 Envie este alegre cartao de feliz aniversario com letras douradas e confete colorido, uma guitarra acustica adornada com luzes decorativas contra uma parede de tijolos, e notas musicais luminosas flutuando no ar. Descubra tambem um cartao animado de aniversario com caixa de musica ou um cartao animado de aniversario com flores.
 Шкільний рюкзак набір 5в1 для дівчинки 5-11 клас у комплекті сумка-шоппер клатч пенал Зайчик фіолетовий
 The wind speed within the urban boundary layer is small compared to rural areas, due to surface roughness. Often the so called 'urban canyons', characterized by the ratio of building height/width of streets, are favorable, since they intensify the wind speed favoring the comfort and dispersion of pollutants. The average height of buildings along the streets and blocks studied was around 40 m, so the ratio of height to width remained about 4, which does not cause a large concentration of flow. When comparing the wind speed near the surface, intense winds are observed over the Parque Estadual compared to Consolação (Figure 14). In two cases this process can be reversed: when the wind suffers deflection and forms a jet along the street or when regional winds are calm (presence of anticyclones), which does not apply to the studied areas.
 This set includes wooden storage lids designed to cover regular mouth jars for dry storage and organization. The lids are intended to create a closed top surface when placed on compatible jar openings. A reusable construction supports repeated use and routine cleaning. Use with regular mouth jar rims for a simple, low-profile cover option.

---

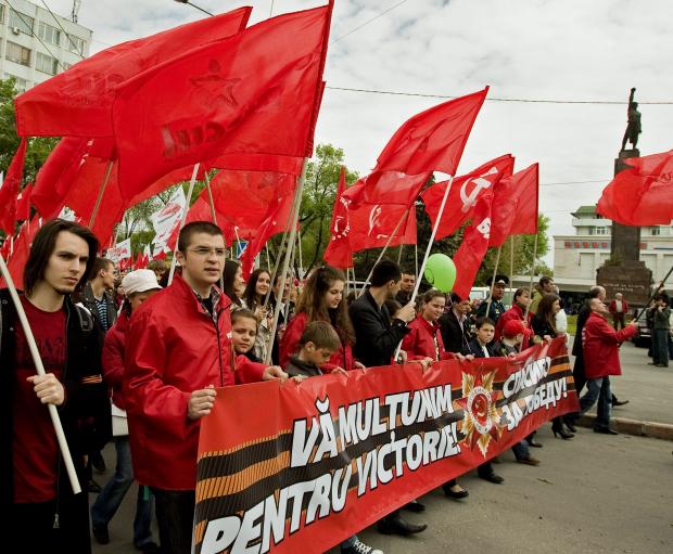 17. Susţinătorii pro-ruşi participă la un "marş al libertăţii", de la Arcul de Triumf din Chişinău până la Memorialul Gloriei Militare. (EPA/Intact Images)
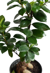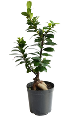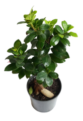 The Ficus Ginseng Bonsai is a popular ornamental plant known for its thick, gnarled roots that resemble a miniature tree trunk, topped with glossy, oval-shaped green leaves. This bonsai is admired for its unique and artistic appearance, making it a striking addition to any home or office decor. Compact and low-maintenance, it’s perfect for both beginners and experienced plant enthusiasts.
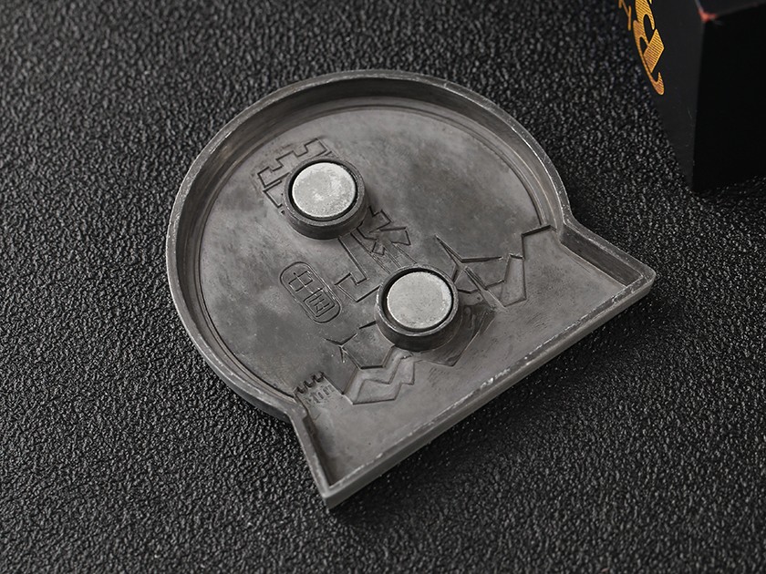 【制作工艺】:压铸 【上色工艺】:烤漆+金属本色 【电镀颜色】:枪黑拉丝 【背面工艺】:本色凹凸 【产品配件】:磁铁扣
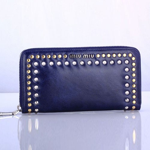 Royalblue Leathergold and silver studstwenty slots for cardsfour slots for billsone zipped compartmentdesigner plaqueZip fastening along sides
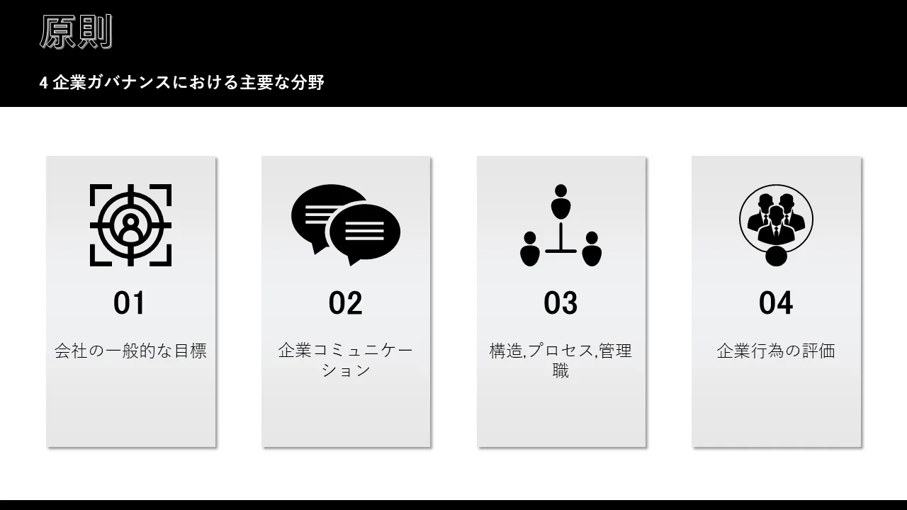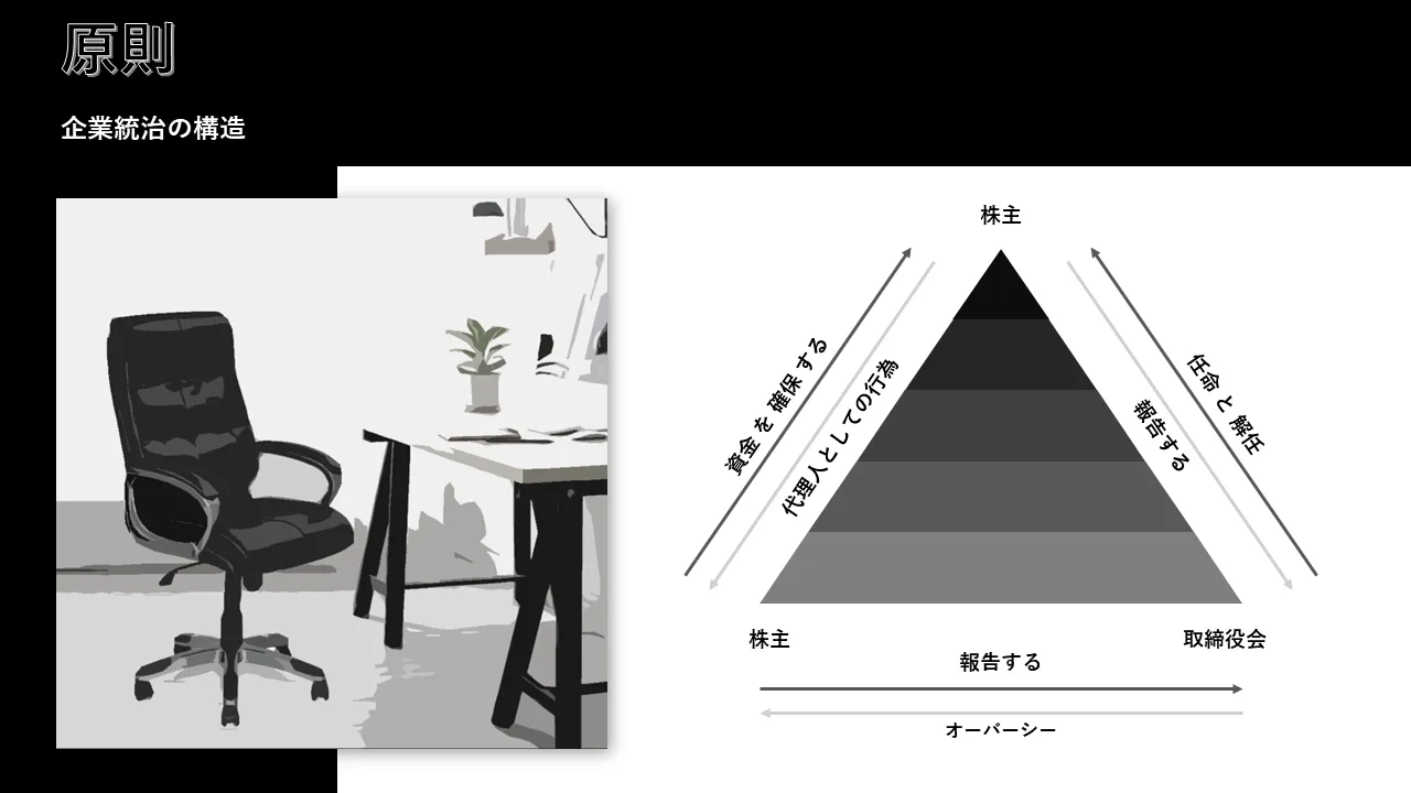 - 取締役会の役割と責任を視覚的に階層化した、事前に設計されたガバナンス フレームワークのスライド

---

Go through the material above and output exactly the lines from the one containing "Envie este alegre" through the one containing "This set includes".

Response below:
 Envie este alegre cartao de feliz aniversario com letras douradas e confete colorido, uma guitarra acustica adornada com luzes decorativas contra uma parede de tijolos, e notas musicais luminosas flutuando no ar. Descubra tambem um cartao animado de aniversario com caixa de musica ou um cartao animado de aniversario com flores.
 Шкільний рюкзак набір 5в1 для дівчинки 5-11 клас у комплекті сумка-шоппер клатч пенал Зайчик фіолетовий
 The wind speed within the urban boundary layer is small compared to rural areas, due to surface roughness. Often the so called 'urban canyons', characterized by the ratio of building height/width of streets, are favorable, since they intensify the wind speed favoring the comfort and dispersion of pollutants. The average height of buildings along the streets and blocks studied was around 40 m, so the ratio of height to width remained about 4, which does not cause a large concentration of flow. When comparing the wind speed near the surface, intense winds are observed over the Parque Estadual compared to Consolação (Figure 14). In two cases this process can be reversed: when the wind suffers deflection and forms a jet along the street or when regional winds are calm (presence of anticyclones), which does not apply to the studied areas.
 This set includes wooden storage lids designed to cover regular mouth jars for dry storage and organization. The lids are intended to create a closed top surface when placed on compatible jar openings. A reusable construction supports repeated use and routine cleaning. Use with regular mouth jar rims for a simple, low-profile cover option.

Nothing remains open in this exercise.